-- ABOUT THIS TASK --
When the records are reproduced, each one must match exactly, and no picture may be kept.

━━━━━ RECORDS PROVIDED ━━━━━

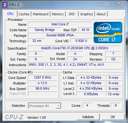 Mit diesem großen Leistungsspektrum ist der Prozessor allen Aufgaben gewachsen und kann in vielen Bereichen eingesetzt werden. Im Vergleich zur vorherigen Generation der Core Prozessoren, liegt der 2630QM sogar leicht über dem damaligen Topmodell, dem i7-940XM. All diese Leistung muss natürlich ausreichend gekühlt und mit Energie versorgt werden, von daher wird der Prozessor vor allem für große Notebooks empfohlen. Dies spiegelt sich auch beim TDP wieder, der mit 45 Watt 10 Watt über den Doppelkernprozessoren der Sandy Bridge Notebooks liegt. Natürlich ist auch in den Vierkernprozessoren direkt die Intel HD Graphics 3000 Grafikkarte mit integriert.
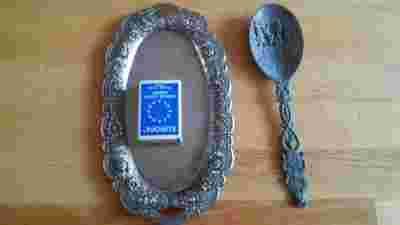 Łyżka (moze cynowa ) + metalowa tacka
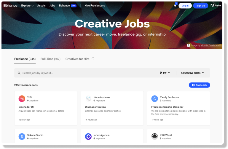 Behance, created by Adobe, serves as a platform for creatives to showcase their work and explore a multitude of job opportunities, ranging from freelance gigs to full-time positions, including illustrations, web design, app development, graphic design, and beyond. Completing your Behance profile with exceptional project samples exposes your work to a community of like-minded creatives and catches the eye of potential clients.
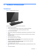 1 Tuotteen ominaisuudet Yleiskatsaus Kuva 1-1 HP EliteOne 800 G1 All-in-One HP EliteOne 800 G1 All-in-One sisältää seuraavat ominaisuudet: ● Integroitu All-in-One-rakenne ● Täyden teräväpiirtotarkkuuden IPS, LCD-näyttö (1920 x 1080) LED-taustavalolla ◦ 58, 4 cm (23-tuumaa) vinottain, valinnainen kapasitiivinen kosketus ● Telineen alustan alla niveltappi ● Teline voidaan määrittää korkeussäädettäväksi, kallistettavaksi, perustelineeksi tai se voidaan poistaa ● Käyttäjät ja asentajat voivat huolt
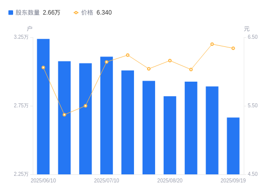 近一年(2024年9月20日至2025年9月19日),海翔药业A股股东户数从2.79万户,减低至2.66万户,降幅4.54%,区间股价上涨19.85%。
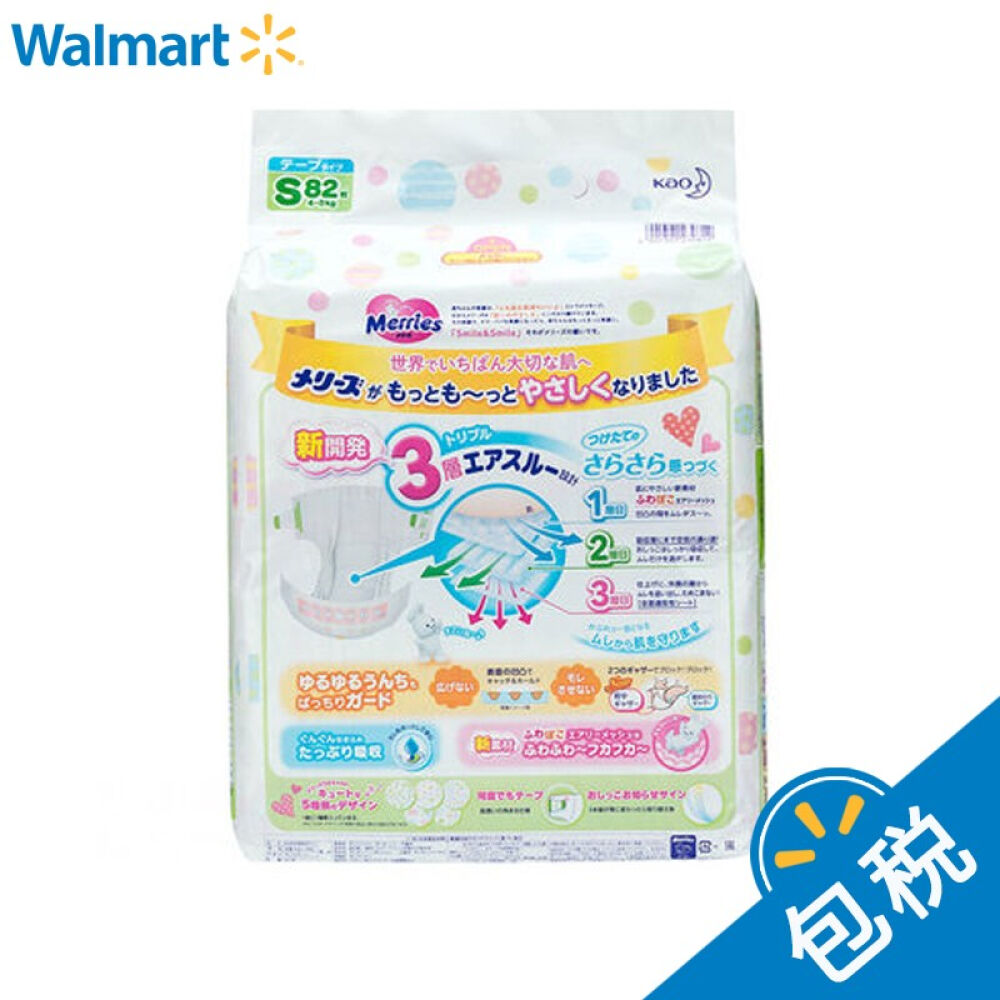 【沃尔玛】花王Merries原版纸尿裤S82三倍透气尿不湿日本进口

━━━━━

-- EXERCISE RESPONSE --
 Mit diesem großen Leistungsspektrum ist der Prozessor allen Aufgaben gewachsen und kann in vielen Bereichen eingesetzt werden. Im Vergleich zur vorherigen Generation der Core Prozessoren, liegt der 2630QM sogar leicht über dem damaligen Topmodell, dem i7-940XM. All diese Leistung muss natürlich ausreichend gekühlt und mit Energie versorgt werden, von daher wird der Prozessor vor allem für große Notebooks empfohlen. Dies spiegelt sich auch beim TDP wieder, der mit 45 Watt 10 Watt über den Doppelkernprozessoren der Sandy Bridge Notebooks liegt. Natürlich ist auch in den Vierkernprozessoren direkt die Intel HD Graphics 3000 Grafikkarte mit integriert.
 Łyżka (moze cynowa ) + metalowa tacka
 Behance, created by Adobe, serves as a platform for creatives to showcase their work and explore a multitude of job opportunities, ranging from freelance gigs to full-time positions, including illustrations, web design, app development, graphic design, and beyond. Completing your Behance profile with exceptional project samples exposes your work to a community of like-minded creatives and catches the eye of potential clients.
 1 Tuotteen ominaisuudet Yleiskatsaus Kuva 1-1 HP EliteOne 800 G1 All-in-One HP EliteOne 800 G1 All-in-One sisältää seuraavat ominaisuudet: ● Integroitu All-in-One-rakenne ● Täyden teräväpiirtotarkkuuden IPS, LCD-näyttö (1920 x 1080) LED-taustavalolla ◦ 58, 4 cm (23-tuumaa) vinottain, valinnainen kapasitiivinen kosketus ● Telineen alustan alla niveltappi ● Teline voidaan määrittää korkeussäädettäväksi, kallistettavaksi, perustelineeksi tai se voidaan poistaa ● Käyttäjät ja asentajat voivat huolt
 近一年(2024年9月20日至2025年9月19日),海翔药业A股股东户数从2.79万户,减低至2.66万户,降幅4.54%,区间股价上涨19.85%。
 【沃尔玛】花王Merries原版纸尿裤S82三倍透气尿不湿日本进口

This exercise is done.